● **DATA PROVIDED**
-------

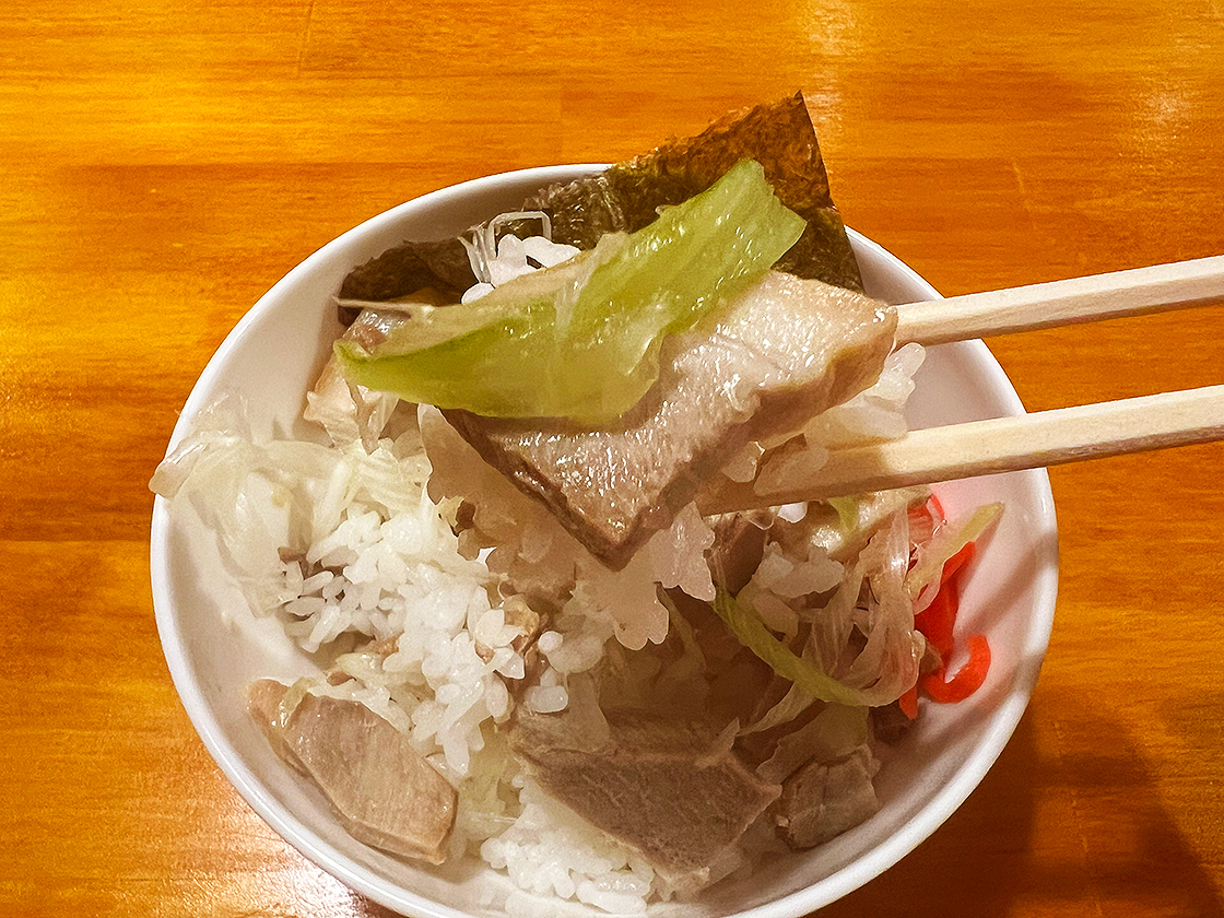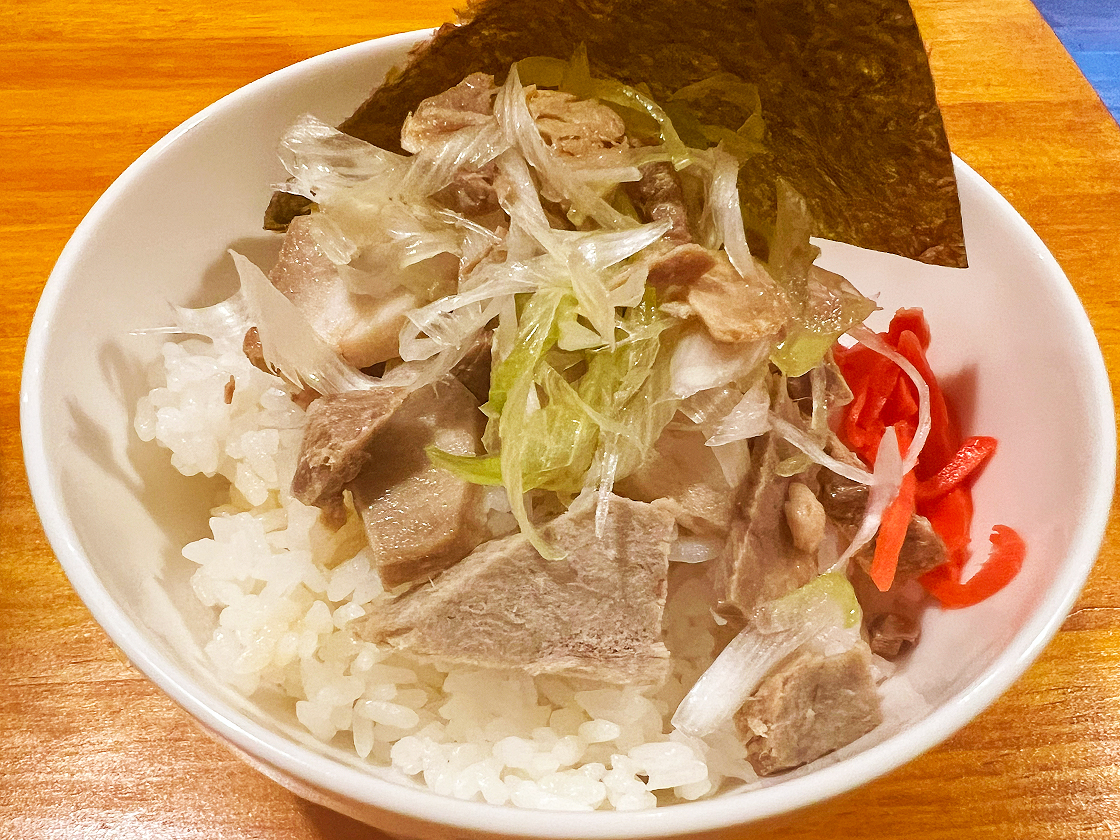 一緒に注文した「ミニチャーシュー丼」は、細切れのチャーシューがたっぷりの一品!
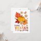 Cartão de saudação colorida com estilo de ranhura retrorreflector. A tipografia retrô elegante "Feliz Dia de Ação de Graças", com flores bonitinhas, borboletas, folhas de outono e abóbora. O cartão contém uma mensagem de boas-vindas maravilhosa no verso, que pode ser personalizada.
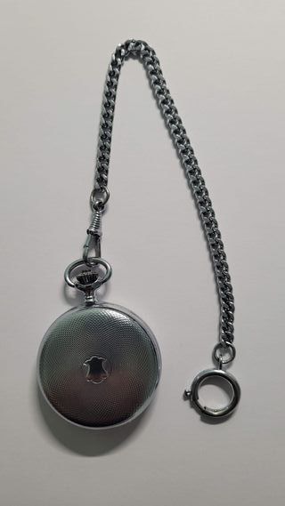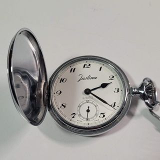 Reloj de bolsillo Justina con su cadena, en estado impecable, sin desgaste y totalmente funcional. Conserva la tapa original, algo poco habitual en este tipo de piezas. No presenta golpes, arañazos ni marcas. Ideal para colección o para usar como pieza vintage.
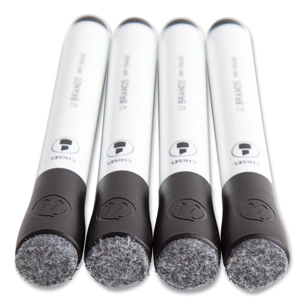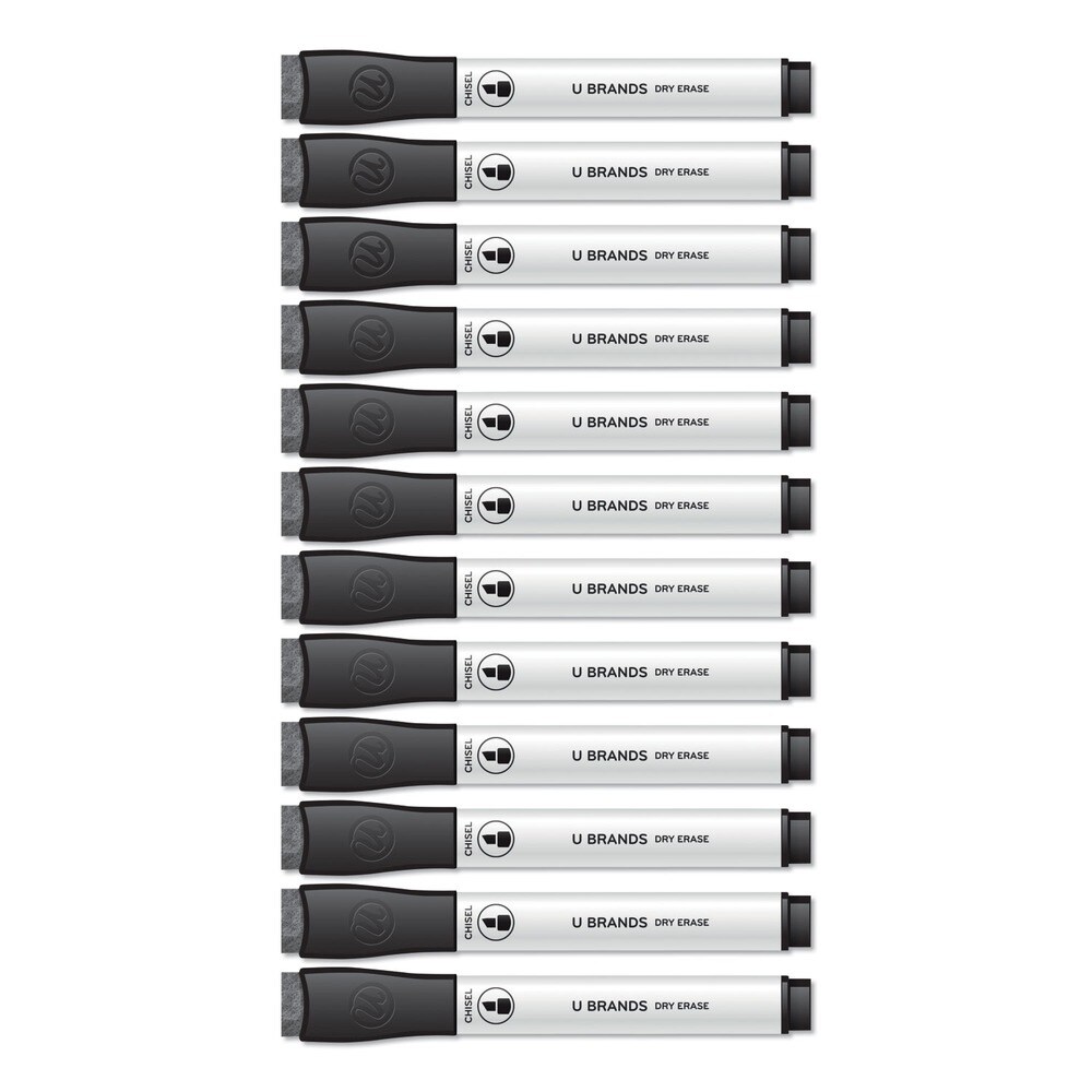 U Brands Low-Odor Dry-Erase Markers with Erasers - Black/Broad Chisel Tip (1-Dozen)

-------

● **PROMPT**
Everything in the listing should be copied exactly, apart from the images it holds.

● **WRITTEN RESPONSE**
 一緒に注文した「ミニチャーシュー丼」は、細切れのチャーシューがたっぷりの一品!
 Cartão de saudação colorida com estilo de ranhura retrorreflector. A tipografia retrô elegante "Feliz Dia de Ação de Graças", com flores bonitinhas, borboletas, folhas de outono e abóbora. O cartão contém uma mensagem de boas-vindas maravilhosa no verso, que pode ser personalizada.
 Reloj de bolsillo Justina con su cadena, en estado impecable, sin desgaste y totalmente funcional. Conserva la tapa original, algo poco habitual en este tipo de piezas. No presenta golpes, arañazos ni marcas. Ideal para colección o para usar como pieza vintage.
 U Brands Low-Odor Dry-Erase Markers with Erasers - Black/Broad Chisel Tip (1-Dozen)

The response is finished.